C:\Documents and Settings\USER1>PING google.com

Pinging google.com [74.125.127.100] with 32 bytes of data:

PING: transmit failed, error code 5.
PING: transmit failed, error code 5.
PING: transmit failed, error code 5.
PING: transmit failed, error code 5.

Ping statistics for 74.125.127.100:
Packets: Sent = 4, Received = 0, Lost = 4 (100% loss),

C:\Documents and Settings\USER1>NBTSTAT -n

Wireless Network Connection:
Node IpAddress: [192.168.1.65] Scope Id: []

NetBIOS Local Name Table

Name Type Status
---------------------------------------------
HOME-1914DAE7F6<00> UNIQUE Registered
HOME-1914DAE7F6<20> UNIQUE Registered
MSHOME <00> GROUP Registered

Local Area Connection:
Node IpAddress: [0.0.0.0] Scope Id: []

No names in cache

Local Area Connection 3:
Node IpAddress: [0.0.0.0] Scope Id: []

No names in cache

C:\Documents and Settings\USER1>IPCONFIG /ALL

Windows IP Configuration

Host Name . . . . . . . . . . . . : home-1914dae7f6
Primary Dns Suffix . . . . . . . :
Node Type . . . . . . . . . . . . : Unknown
IP Routing Enabled. . . . . . . . : No
WINS Proxy Enabled. . . . . . . . : No
DNS Suffix Search List. . . . . . : home

Ethernet adapter Wireless Network Connection:

Connection-specific DNS Suffix . : home
Description . . . . . . . . . . . : 802.11g/b Wireless LAN Client Adapte
r
Physical Address. . . . . . . . . : 00-16-0A-11-80-C5
Dhcp Enabled. . . . . . . . . . . : Yes
Autoconfiguration Enabled . . . . : Yes
IP Address. . . . . . . . . . . . : 192.168.1.65
Subnet Mask . . . . . . . . . . . : 255.255.255.0
Default Gateway . . . . . . . . . : 192.168.1.254
DHCP Server . . . . . . . . . . . : 192.168.1.254
DNS Servers . . . . . . . . . . . : 192.168.1.254
Lease Obtained. . . . . . . . . . : 11 August 2009 12:14:35
Lease Expires . . . . . . . . . . : 12 August 2009 12:14:35

Ethernet adapter Local Area Connection:

Media State . . . . . . . . . . . : Media disconnected
Description . . . . . . . . . . . : Realtek RTL8168/8111 PCI-E Gigabit E
thernet NIC
Physical Address. . . . . . . . . : 00-1D-92-85-07-2E

Ethernet adapter Local Area Connection 3:

Media State . . . . . . . . . . . : Media disconnected
Description . . . . . . . . . . . : Bluetooth Personal Area Network from
TOSHIBA
Physical Address. . . . . . . . . : 00-10-60-D0-2C-85

C:\Documents and Settings\USER1>


Thank you for your time please get back to me ASAP.



Sam


----------



## Sam` (Aug 11, 2009)

Anyone?


----------



## Sam` (Aug 11, 2009)

I guess you don't like me then? No reply in 2 days?


----------



## krisium (Aug 9, 2009)

Dude got the same problem for 20 days already. Made a post here and seems no 1 knows how to fix this. I replace my modem, network card, cable and as u i had win XP sp3 and even changed to windows 7 now. Same problem still apears. If u do find something on some other forums pls make a post on this 1 or mine "Default gateway offline" by Krisium. 
GL with it anyways


----------



## 2xg (Aug 5, 2009)

Have you totally disabled any of your firewalls?


----------



## Sam` (Aug 11, 2009)

2xgrump said:


> Have you totally disabled any of your firewalls?

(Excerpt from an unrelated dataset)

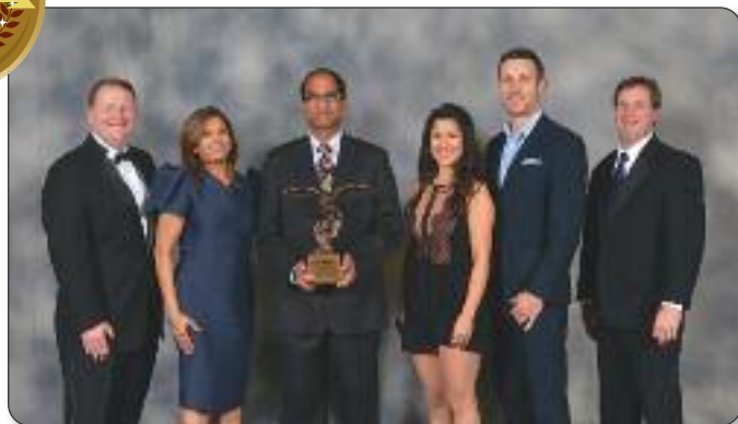
Guycan Aluminum, Ltd. Uxbridge, Ontario

Mate i got so angry i deleted my firewall.


----------



## 2xg (Aug 5, 2009)

Try these links. Do you have McAfee installed?

http://forums.devshed.com/antivirus-protection-117/ping-transmit-failed-error-code-5t-421059.html
http://forums.techguy.org/networking/567997-solved-connection-issues.html


----------



## Sam` (Aug 11, 2009)

2xgrump said:


> Do you have McAfee installed?


i did have McAfee but i got an error saying it failed to update. try reinstalling it. so i uninstalled it and tried to reinstall it but it didn't want to install try restarting your computed so i did but still does want to go on.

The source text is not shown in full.